Pod kopułą może być najmniej widzów, gdyż takie stadiony mają mniejsze trybuny.
data['day_of_week'].unique()
array(['Sunday', 'Wednesday', 'Tuesday', 'Monday', 'Thursday', 'Saturday', 'Friday'], dtype=object)
monday = data[data['day_of_week'] == 'Monday']
tuesday = data[data['day_of_week'] == 'Tuesday']
wednesday = data[data['day_of_week'] == 'Wednesday']
thursday = data[data['day_of_week'] == 'Thursday']
friday = data[data['day_of_week'] == 'Friday']
saturday = data[data['day_of_week'] == 'Saturday']
sunday = data[data['day_of_week'] == 'Sunday']
Średnia ilość kibiców w danym dniu
import matplotlib.pyplot as plt
left = [1, 2, 3, 4, 5, 6, 7]
height = [monday['attendance'].mean(), tuesday['attendance'].mean(), wednesday['attendance'].mean(),
thursday['attendance'].mean(), friday['attendance'].mean(), saturday['attendance'].mean(), sunday['attendance'].mean()]
tick_label = ['monday', 'tuesday', 'wednesday', 'thursday', 'friday', 'saturday', 'sunday']
plt.bar(left, height, tick_label = tick_label,
width = 0.8, color = ['blue', 'green', 'red'])
plt.xlabel('Day')
plt.ylabel('Attendance')
plt.title('Attendance - Day')
plt.show()
Mediana
import matplotlib.pyplot as plt
left = [1, 2, 3, 4, 5, 6, 7]
height = [monday['attendance'].median(), tuesday['attendance'].median(), wednesday['attendance'].median(),
thursday['attendance'].median(), friday['attendance'].median(), saturday['attendance'].median(), sunday['attendance'].median()]
tick_label = ['monday', 'tuesday', 'wednesday', 'thursday', 'friday', 'saturday', 'sunday']
plt.bar(left, height, tick_label = tick_label,
width = 0.8, color = ['blue', 'green', 'red'])
plt.xlabel('Day')
plt.ylabel('Attendance')
plt.title('Attendance - Day')
plt.show()
Najwięcej kibiców jest w weekendy.
data['home_team_outcome'].unique()
array(['Win', 'Loss'], dtype=object)
win = data[data['home_team_outcome'] == 'Win']
loss = data[data['home_team_outcome'] == 'Loss']
Średnia ilość kibiców przy wygraniu/przegraniu gospodarzy
left = [1, 2]
height = [win['attendance'].mean(), loss['attendance'].mean()]

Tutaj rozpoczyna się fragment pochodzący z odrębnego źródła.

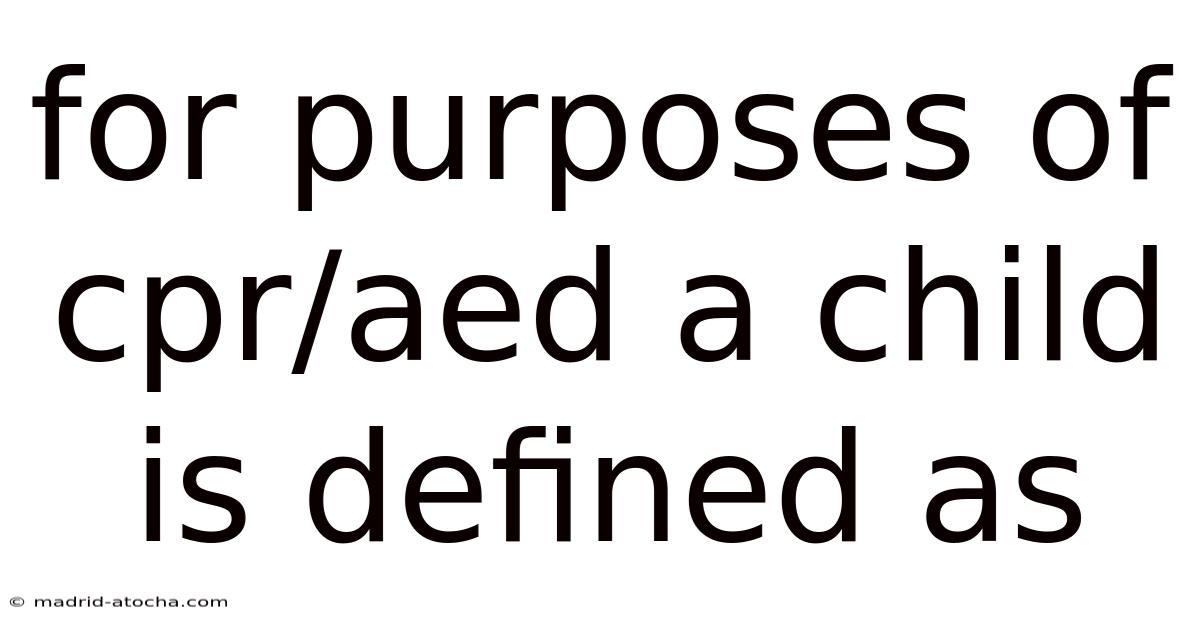 For purposes of CPR/AED a child is defined as anyone who meets the age, weight, or developmental criteria established by local health authorities, emergency‑response agencies, and training organizations. These criteria are not arbitrary; they reflect physiological differences that influence how cardiac arrest presents, how rescue techniques should be applied, and what equipment settings are appropriate. Understanding the precise definition helps rescuers choose the correct compression depth, rate, and AED pad placement, ultimately improving survival odds for the youngest patients.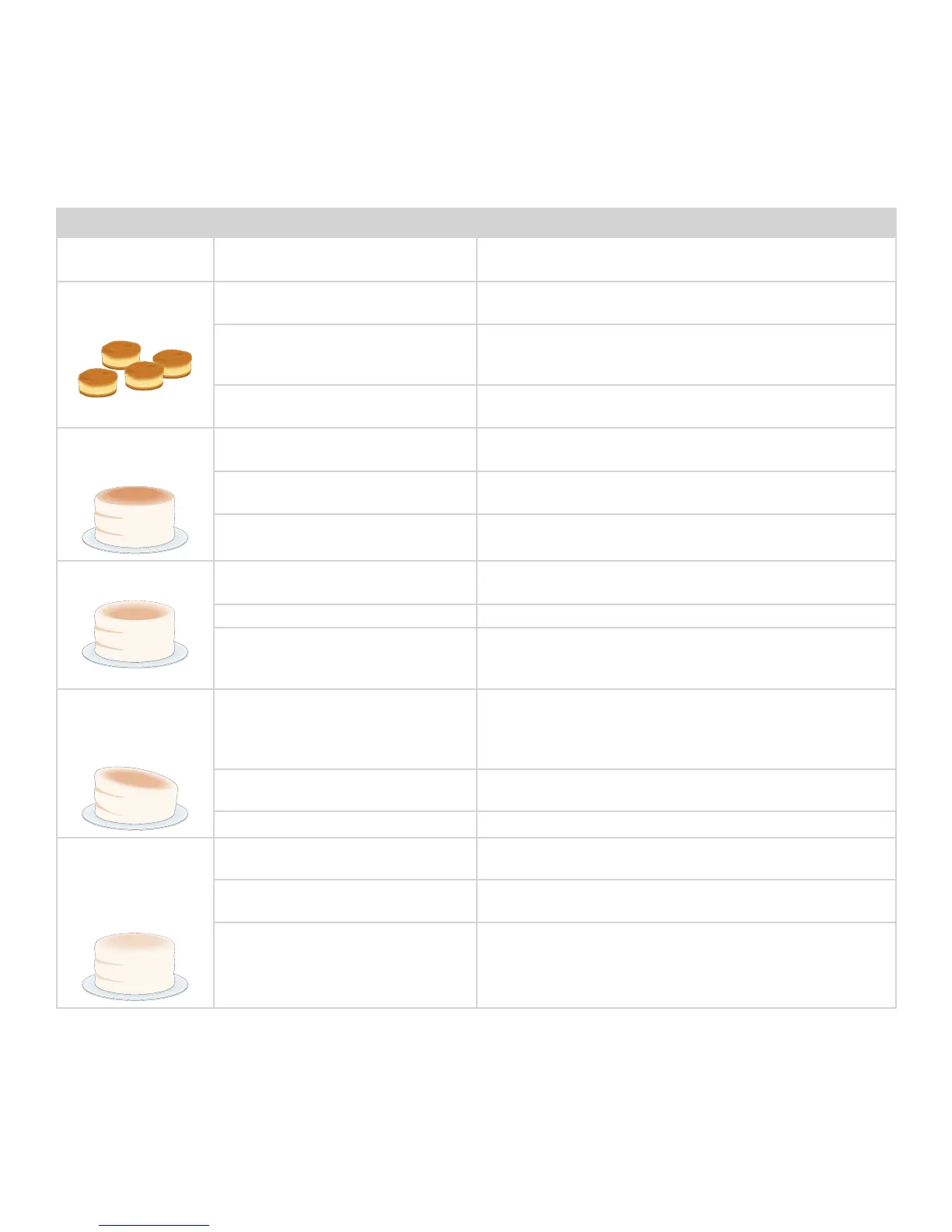 Tableau des problèmes de cuisson et les solutions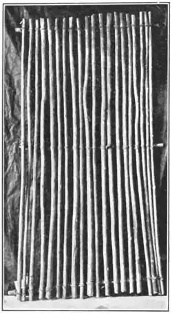 21. The door (fig. 16, b) is 1 m. long and 0.850 m. wide. The rods are from 1 to 2 centimeters in diameter and are held by 5 hide strands, 2 at each end and 1 in the middle. The stiffening of the rawhide has warped the upper portion.
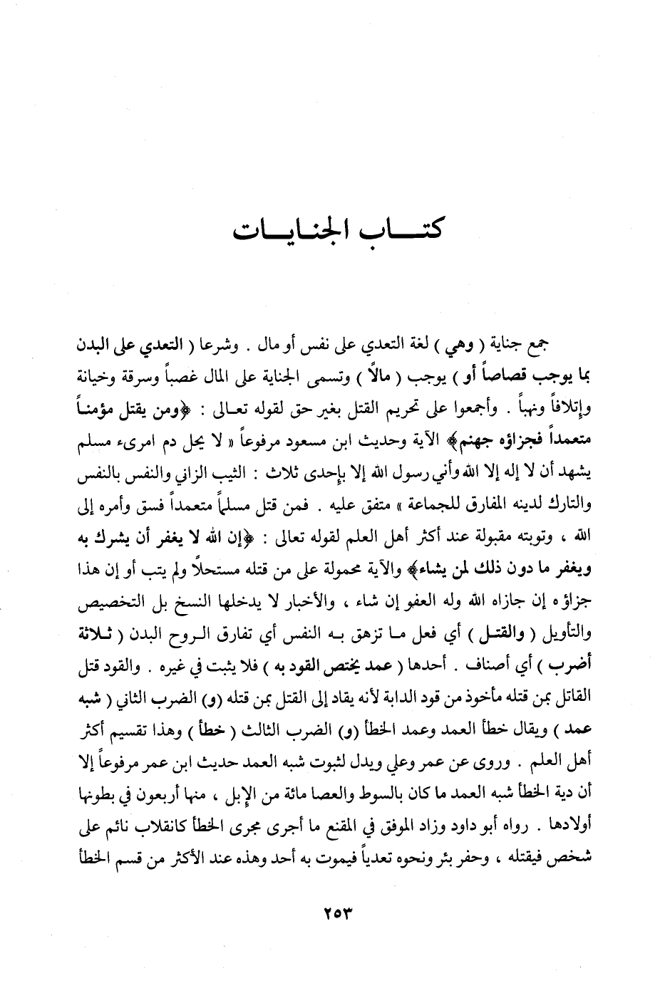 الْجِنَايَاتُ جَمْعُ جِنَايَةٍ (وَهِيَ) لُغَةً: التَّعَدِّي عَلَى نَفْسٍ أَوْ مَالٍ. وَشَرْعًا (التَّعَدِّي عَلَى الْبَدَنِ بِمَا يُوجِبُ قِصَاصًا أَوْ) يُوجِبُ (مَالًا) وَتُسَمَّى الْجِنَايَةُ عَلَى الْمَالِ غَصْبًا وَسَرِقَةً وَخِيَانَةً وَإِتْلَافًا وَنَهْبًا. وَأَجْمَعُوا عَلَى تَحْرِيمِ الْقَتْلِ بِغَيْرِ حَقٍّ لِقَوْلِهِ تَعَالَى {: وَمَنْ يَقْتُلْ مُؤْمِنًا مُتَعَمِّدًا فَجَزَاؤُهُ جَهَنَّمُ} [النساء: ٩٣] الْآيَةَ وَحَدِيثِ ابْنِ مَسْعُودٍ مَرْفُوعًا " «لَا يَحِلُّ دَمُ امْرِئٍ مُسْلِمٍ يَشْهَدُ أَنْ لَا إلَهَ إلَّا اللَّهُ وَأَنِّي رَسُولُ اللَّهِ إلَّا بِإِحْدَى ثَلَاثٍ: الثَّيِّبُ الزَّانِي وَالنَّفْسُ بِالنَّفْسِ وَالتَّارِكُ لِدِينِهِ الْمُفَارِقُ لِلْجَمَاعَةِ» " مُتَّفَقٌ عَلَيْهِ.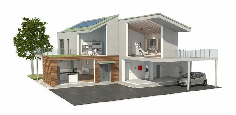 Of het gezin nu uitbreidt, er een elektrische auto bijkomt die moet worden opgeladen of de garage wordt omgebouwd tot een werkplaats - maximaal drie aansluitbare hoogspanningsbatterijen voorzien alle nood aan elektriciteit, zelfs als de zon niet schijnt.

tick_label = ['win', 'loss']
plt.bar(left, height, tick_label = tick_label,
width = 0.8, color = ['blue', 'red'])
plt.xlabel('Win')
plt.ylabel('Attendance')
plt.title('Attendance - Win')
plt.show()
Mediana
left = [1, 2]
height = [win['attendance'].median(), loss['attendance'].median()]
tick_label = ['win', 'loss']
plt.bar(left, height, tick_label = tick_label,
width = 0.8, color = ['blue', 'red'])
plt.xlabel('Win')
plt.ylabel('Attendance')
plt.title('Attendance - Win')
plt.show()
Nie ma to wpływu, raczej nie jest tak, że widać przegraną przed końcem i przez to kibice wychodzą. A nawet jeśli to działa to w miarę równomiernie w obie strony.